Types of Data Assets

Datasets

An internal dataset is a copy of the dataset on Code Ocean in the virtual private cloud deployment. This is achieved by uploading data from a local machine or importing data from a cloud provider, for example, AWS or Google Cloud. The data will be saved on Code Ocean's server. Authorized users can download these from the Data Assets page and access or attach them in a capsule. These assets are saved on S3 and are cached on EFS for quick access when they are actively being used.

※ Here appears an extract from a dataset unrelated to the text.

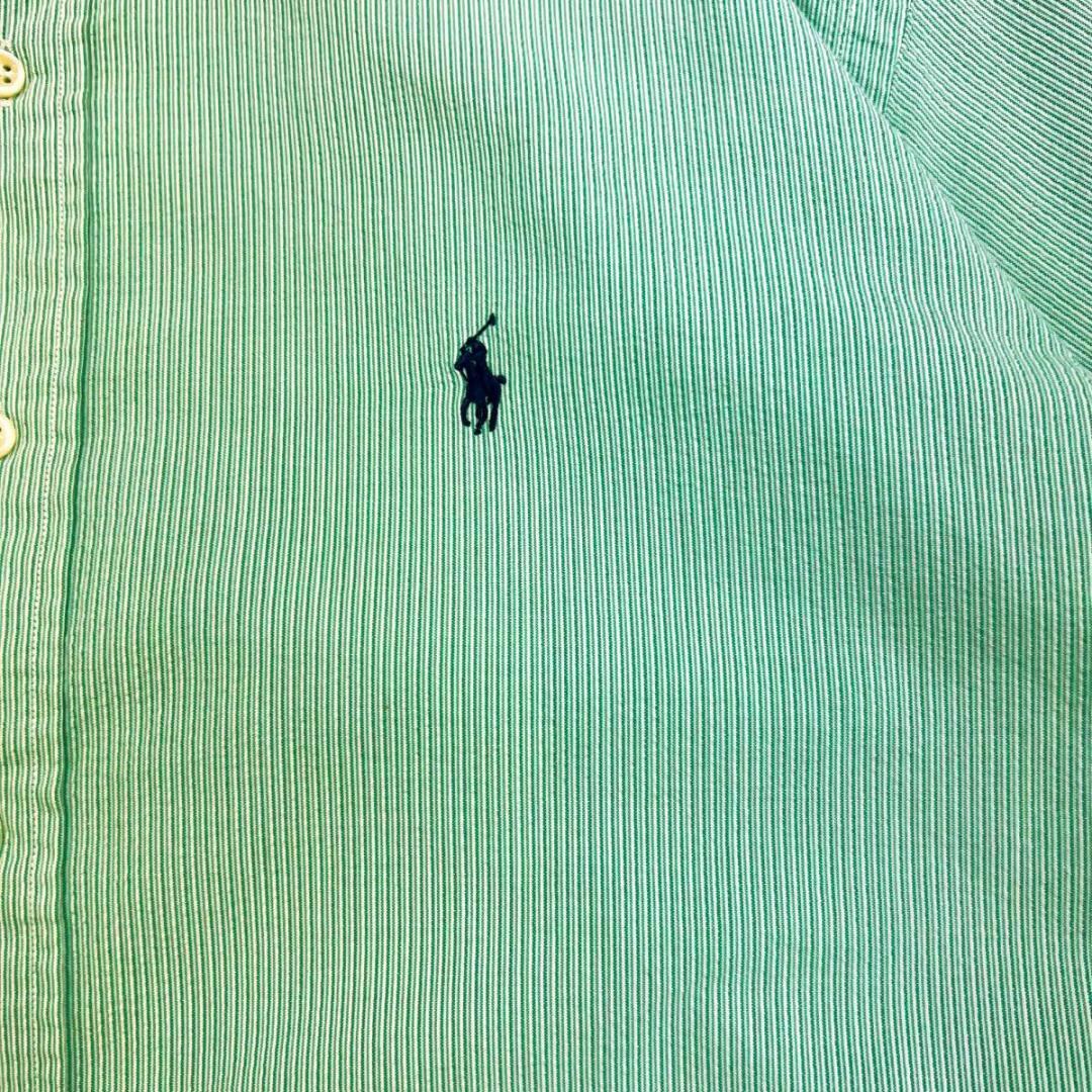 90s ポロ ラルフローレン シアサッカー 半袖シャツ L グリーン ボタンダウンシャツ POLO Ralph Laure ストライプシャツ シティーボーイ

Datasets can be added as a link to the remote bucket on AWS S3. To establish the link, the AWS credentials must be provided during setup (see Secret Management Guide for details). Only the link will be saved on Code Ocean's server. Only authorized users will have to provide the credentials for using the external dataset in the capsule. Since the data is not saved in Code Ocean, it cannot be directly downloaded. Workflows that use external data assets cannot be guaranteed to be reproducible. External data assets must point to a top-level directory, not individual files.

Results

A Captured Result is a data asset created from the output of a capsule or pipeline computation. It records the origin of this result, including the capsule code version, type of run, input data assets, and lineage graph. These assets are saved on S3 and are cached on EFS for quick access when they are actively being used.

The provenance is saved as the Reproducibility Info. See General Information Per Data Asset Type for more information.